Spinoza: What a weirdo

It goes without saying that the philosopher Baruch Spinoza (also known by his Portuguese name Bento, or his Latinized name Benedictus) was an unusual guy. After all, you don’t write the next chapter in the evolution of philosophy, get kicked excommunicated from your faith and – oh yeah – make some advances in optic lens technology by being just some run-of-the-mill dude.

But I mean, Spinoza was really, really weird.

I get that everyone has hobbies, and that whatever your hobby is, someone is going to think you’re a nerd for it. I’ve spent way too much money on yarn and knitting needles. I garden until I hurt and I’m sunburned. I’ve even been accused of LARPing. All of this is laughable in some way to some people.

But really, Spinoza’s hobbies …

OK, I’ll just say it. He had a weird thing about spiders. Not an “I’m afraid of spiders” thing. Not even an “I love spiders and keep one as a pet” thing. More of a “I like to make spiders fight each other and watch them eat flies” kind of thing.

Yes, really.

It’s even historically documented. This comes from the earliest biography of Spinoza, written in 1705 by Joannes Colerus. Colerus happened to rent the same room Spinoza lived in the last years of his life, an having become curious about the philosopher, started to interview his landlady, his neighbors, the mayor, to check government documents, whatever he could to put together this bio. And lest you think what I’m about to tell you is salacious, understand that aside from this, the entire thing reads like it was written by a true fanboi.

Here it is:

He also took Pleasure in smoaking a Pipe of Tobacco; or, when he had a
mind to divert himself somewhat longer, he look’d for some Spiders,
and made ‘em fight together, or he threw some Flies into the Cobweb,
and was so well pleased with that Battel, that he wou’d sometimes
break into Laughter. He observed also, with a Microscope, the
different parts of the smallest Insects, from whence he drew such
Consequences as seem’d to him to agree best with his Discoveries.

So. Weird, right? I almost don’t know what to say when this is revealed about a man who is said to have found god in everything.
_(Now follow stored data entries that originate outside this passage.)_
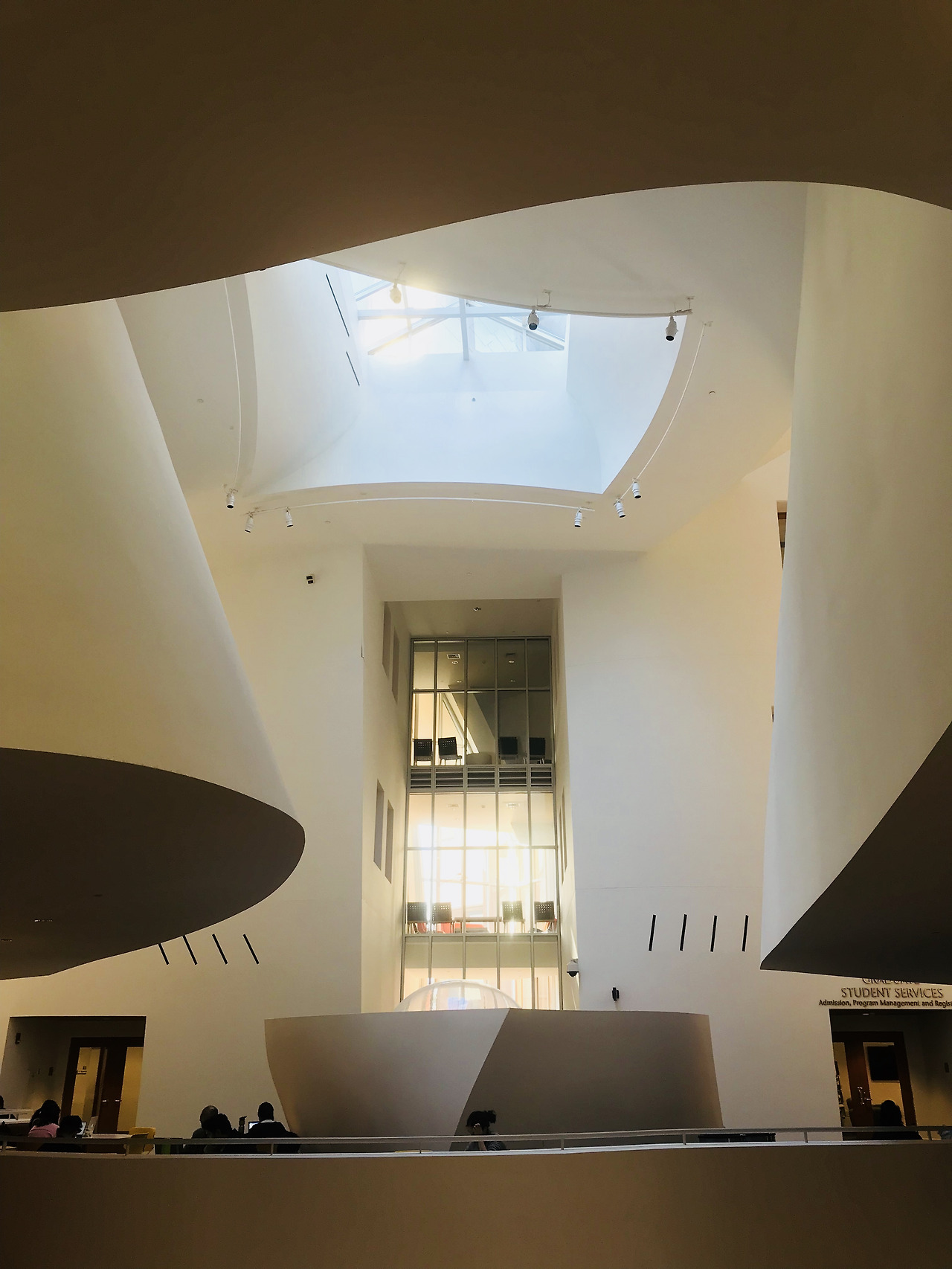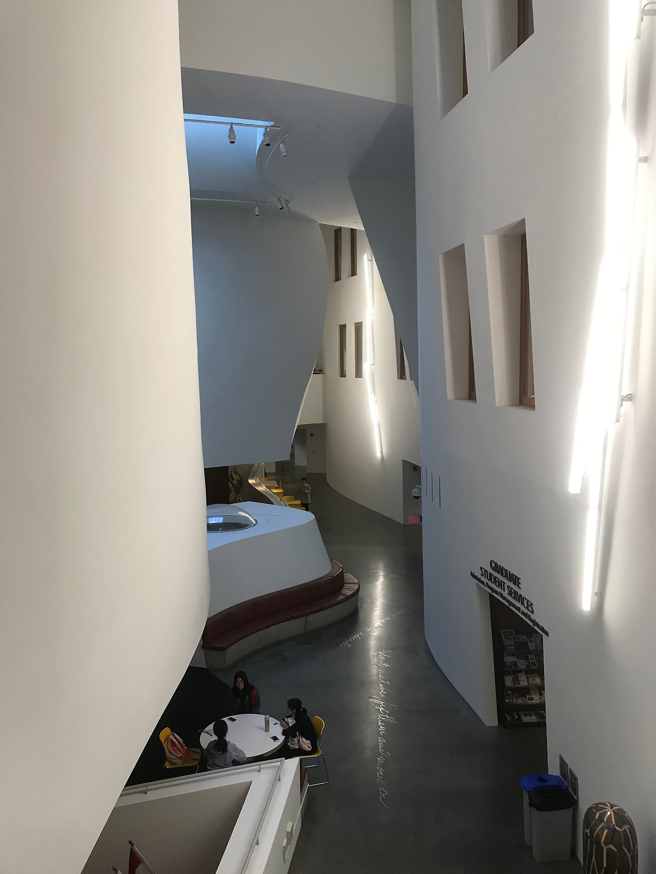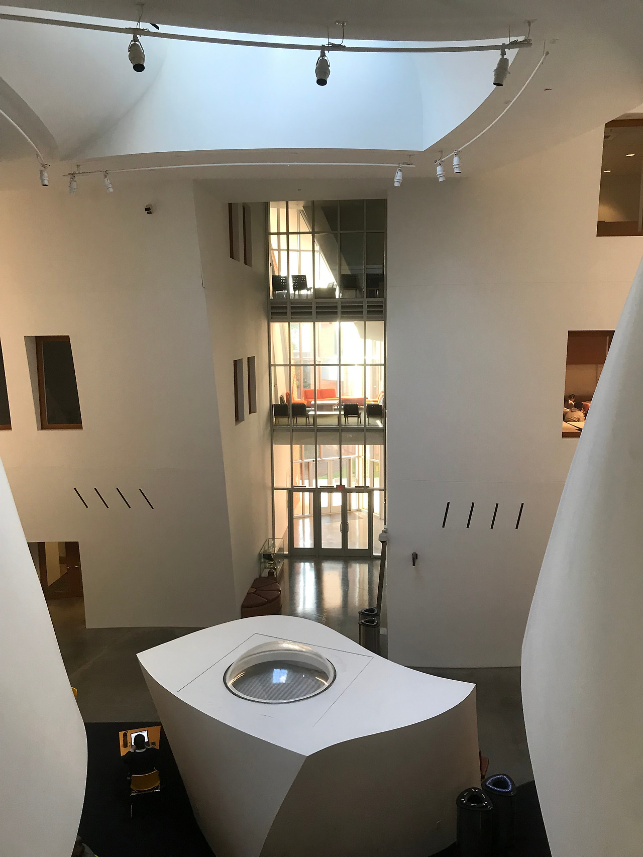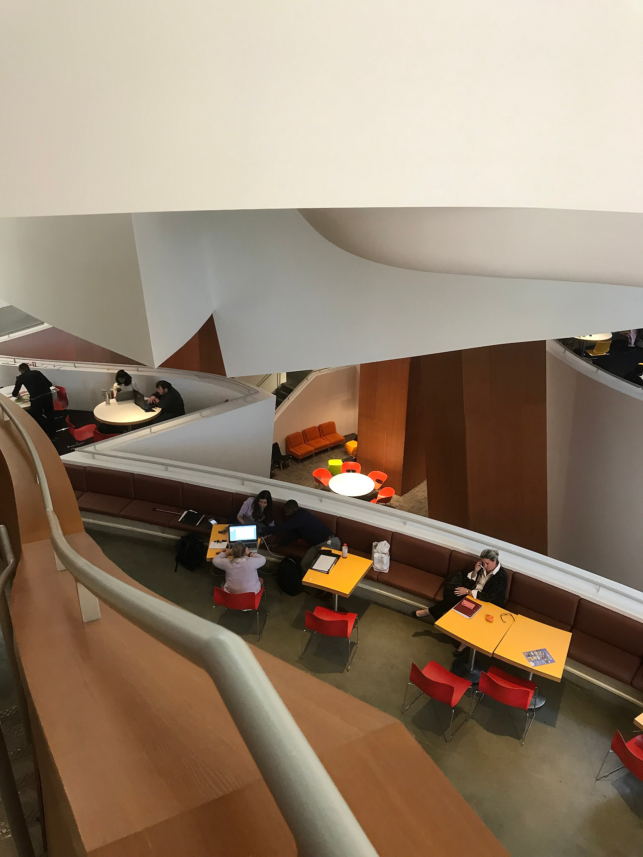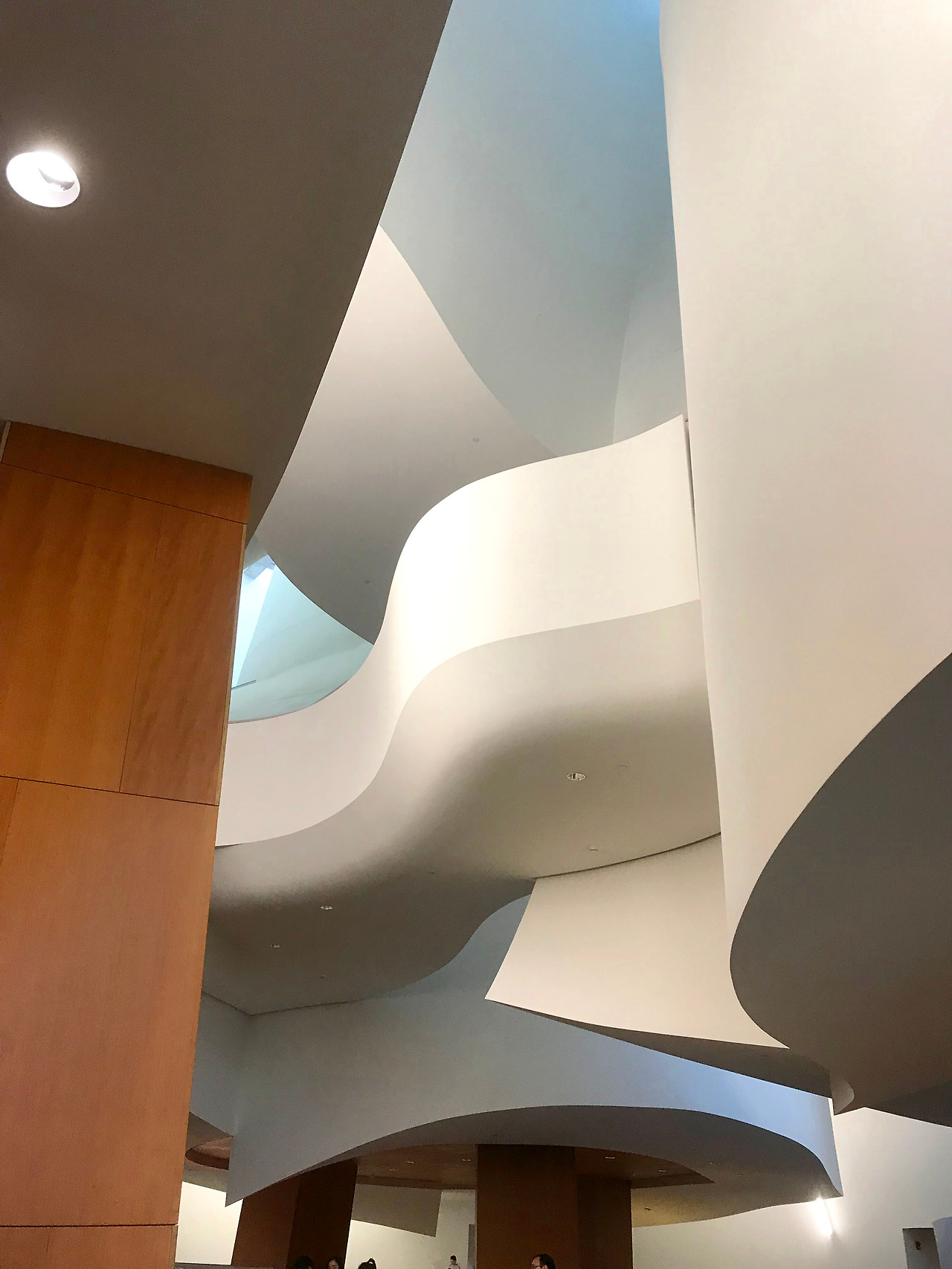 조금 더 걸어가다 보면, 유명한 건축가 프랭크 게리(Frank Gehry)의 느낌이 물씬 느껴지는 건물이 있다. 지나칠 때마다 궁금해하면서도 들어가서 확인을 해봐야겠다는 생각을 해보진 못했는데, 앞의 경험이 있으니 이번엔 망설이지 않고 문을 밀었다. (이번에도 문은 한 번에 열렸다. 역시 아무도 우리한테 관심이 없었다.)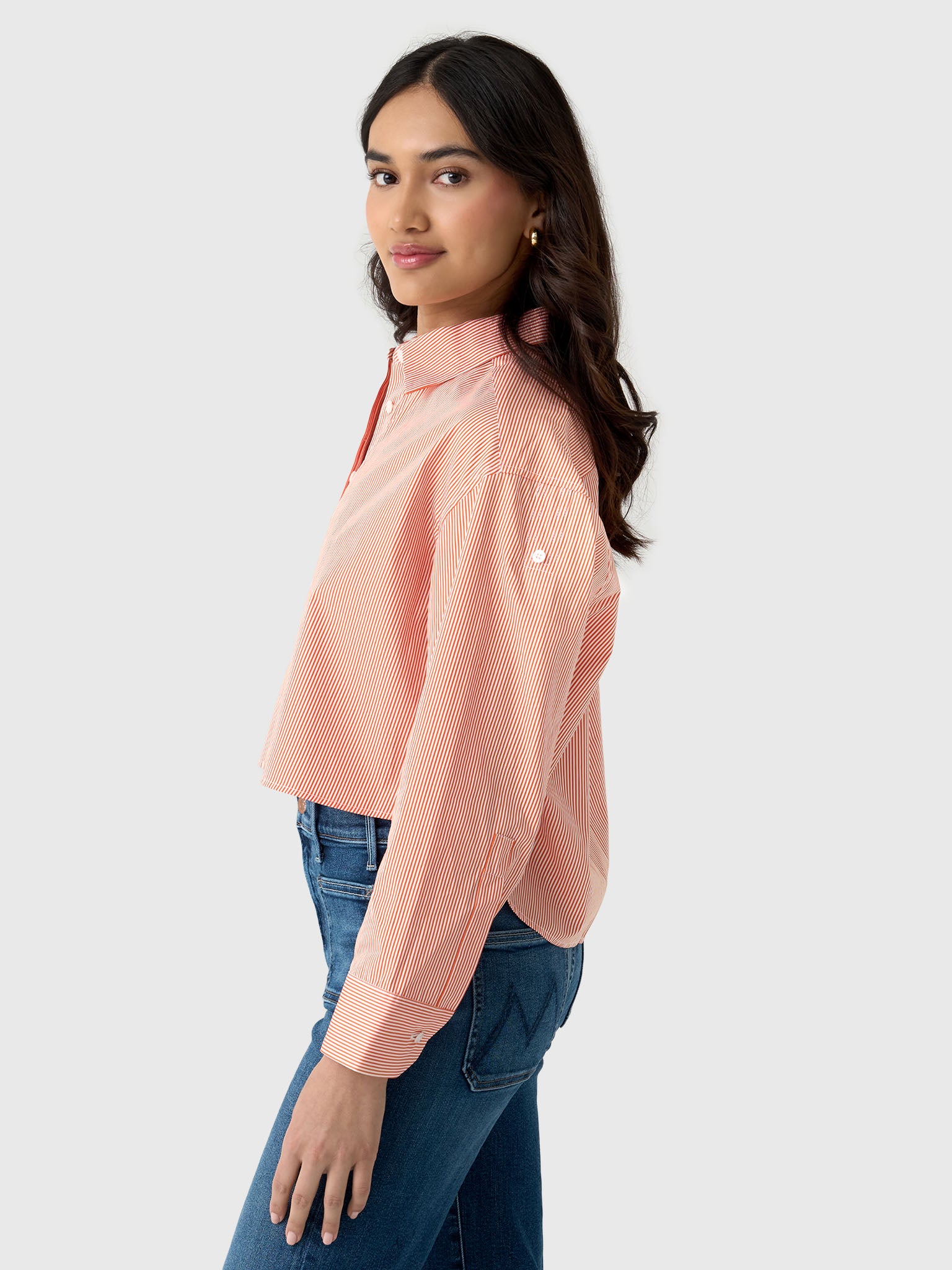 FEATURES:Point Collar Button Cuffs Hidden Button-Down Front Cropped Silhouette All-Over Stripe Print 100% Cotton Relaxed Fit Model is wearing size Small shirt. Model's Measurements: Height: 5'10.5" | Bust: 32A | Waist: 25" | Hips: 37" | Dress Size: 0-2 (US)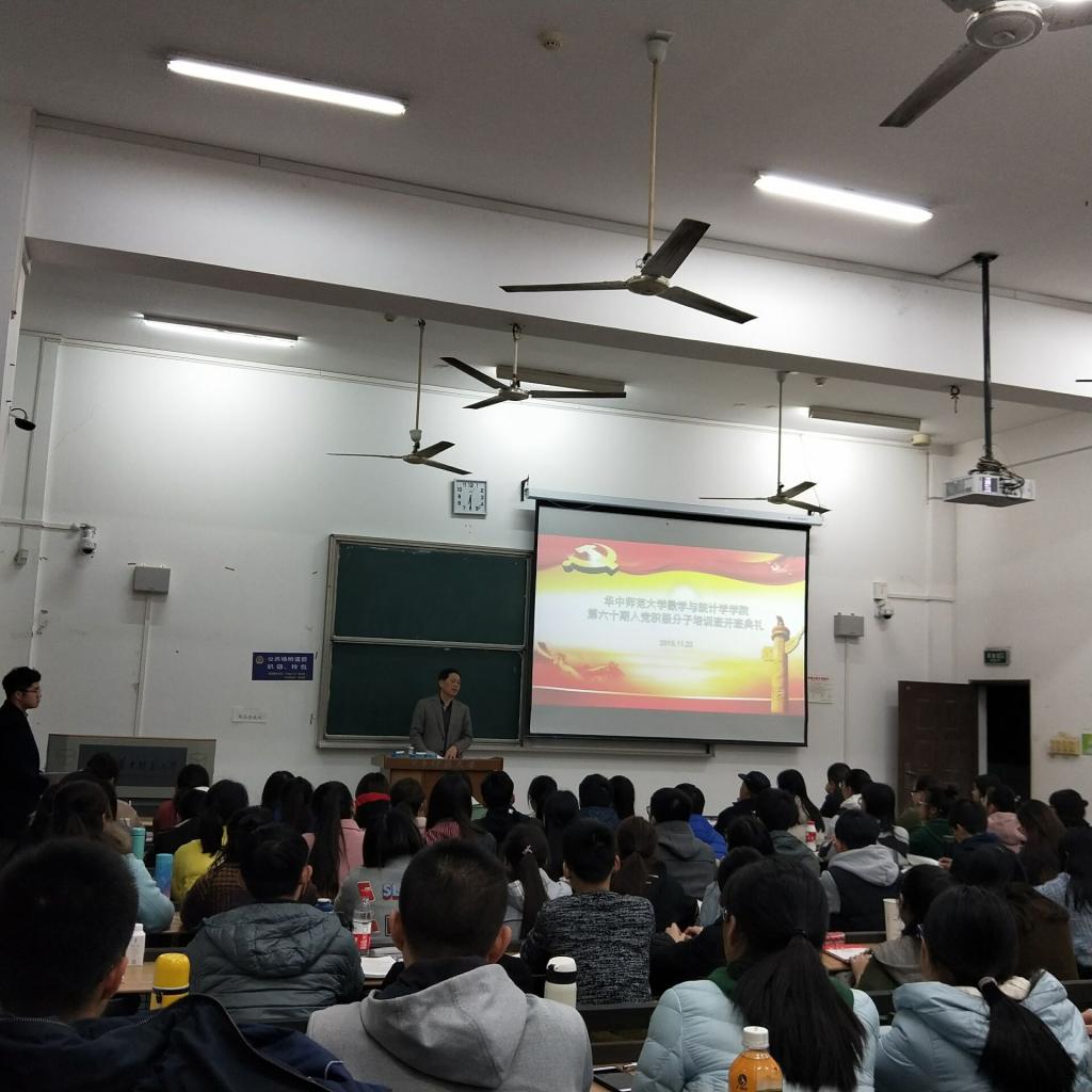 11月23日晚上,华中师范大学数学与统计学学院第六十期入党积极分子培训班在9203教室举行开班典礼,学院党委书记王中、党委副书记吴成峡、培训班班主任李荣元,数统学院84名本科、研究生入党积极分子参加此次开班典礼。开班典礼由带队老师王奥林主持。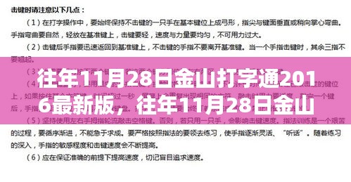 在數字化時代,打字技能已經成為我們日常生活和工作中不可或缺的一部分,對于許多人來說,金山打字通是一款經典的打字練習軟件,它以其強大的功能和良好的用戶體驗贏得了廣大用戶的喜愛,本文將聚焦于金山打字通2016最新版在往年11月28日的發布,帶你深入了解這一軟件的各項特性和使用體驗。

Except, maybe, that god’s got some sick sense of humor, I guess.

But maybe, this is just in character for the guy. If you were to accuse him to his face of being sadistic to animals, I’ve got a feeling he might have a one-word answer for that: Good.

When Spinoza claims that “the law against killing animals is based more on empty superstition and womanly compassion than sound reason” and urges us to “establish a bond with men, but not with brutes,” he worries that feeling with and for nonhuman animals undermines the human bond that enables us to think and act in a way that best preserves and amplifies the distinctive powers of our bodies and minds. He insists that “they do not agree in nature with us, and their affects are different in nature from human affects,” because he thinks that joining with brutes encourages irrational and “subhuman” behavior. In fact … every time Spinoza mentions humans and animals, it is in the context of decrying the desire among some to reject human community in favor of a wild freedom in association with animals. He despairs at the “satirists” and “melancholics” who “disdain men and admire the brutes” rather than helping their fellow man and “joining forces” against “the dangers which threaten on all sides.”

So there you have it. Spinoza: One strange dude.